In the introduction, Brautigan explains his complicated relationship with Japan. He was initially interested because of his uncle, who died as a result of Japanese bombing of Midway in World War II. In the years following the war, the anger he carried faded and he began to learn about and appreciate Japanese art and culture, which helped him to better understand the war, and led him to feel compelled to visit.

==Analysis==
The book is an example of haibun, a Japanese literary form in which a group of poems form a larger narrative. Caroline Bokinsky notes that here, unlike others in Brautigan's oeuvre, he is a "confessional poet, lost and alone in a strange land, unable to communicate."
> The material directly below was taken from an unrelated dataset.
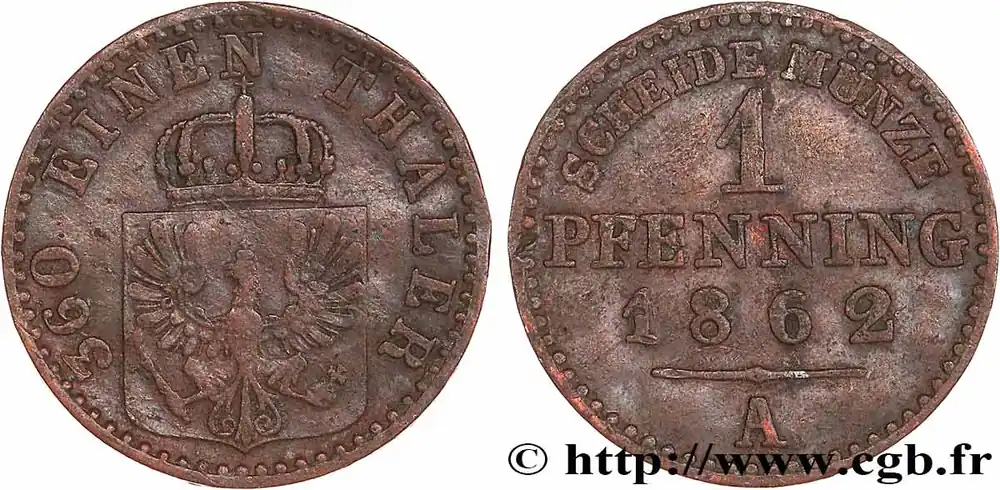 1 Pfenninge Royaume de Prusse écu à l’aigle

Many reviewers commented on a pervasive feeling of loneliness running throughout the text. Kirkus Reviews described Brautigan's apparent mood while writing as "lonely, moony, lost, self-sorry, in love", and Dennis Petticoffer said the work as a whole "portrays a mood of alienation and loneliness." Choice also commented that the author seemed lonely, "not surprisingly, since Brautigan knows no Japanese", and its "advance nostalgia contributed by the fact of a known departure date".

==Reception==
June 30th, June 30th received mixed to negative reviews. Brautigan acknowledges in the introduction that the "quality of [the poems] is uneven but I have printed them all anyway because they are a diary expressing my feelings and emotions in Japan and the quality of life is often uneven." The Kirkus reviewer called some poems "dreadful" but "every once in a while a testament to the variety and flexibility of poetry that's very refreshing." Choice called it "in summary, an often good book" that would benefit from editing. Carrie Knowles of The Booklist found it to be "a case of terminal poetic pretentiousness" in which Brautigan's introspection causes him to do Japan a disservice, whereas Arian Schuster found Japan to serve only as a metaphor for alienation. Publishers Weekly said the "haphazard" book will cause fans to "wince and wonder at this decline in Brautigan's talent".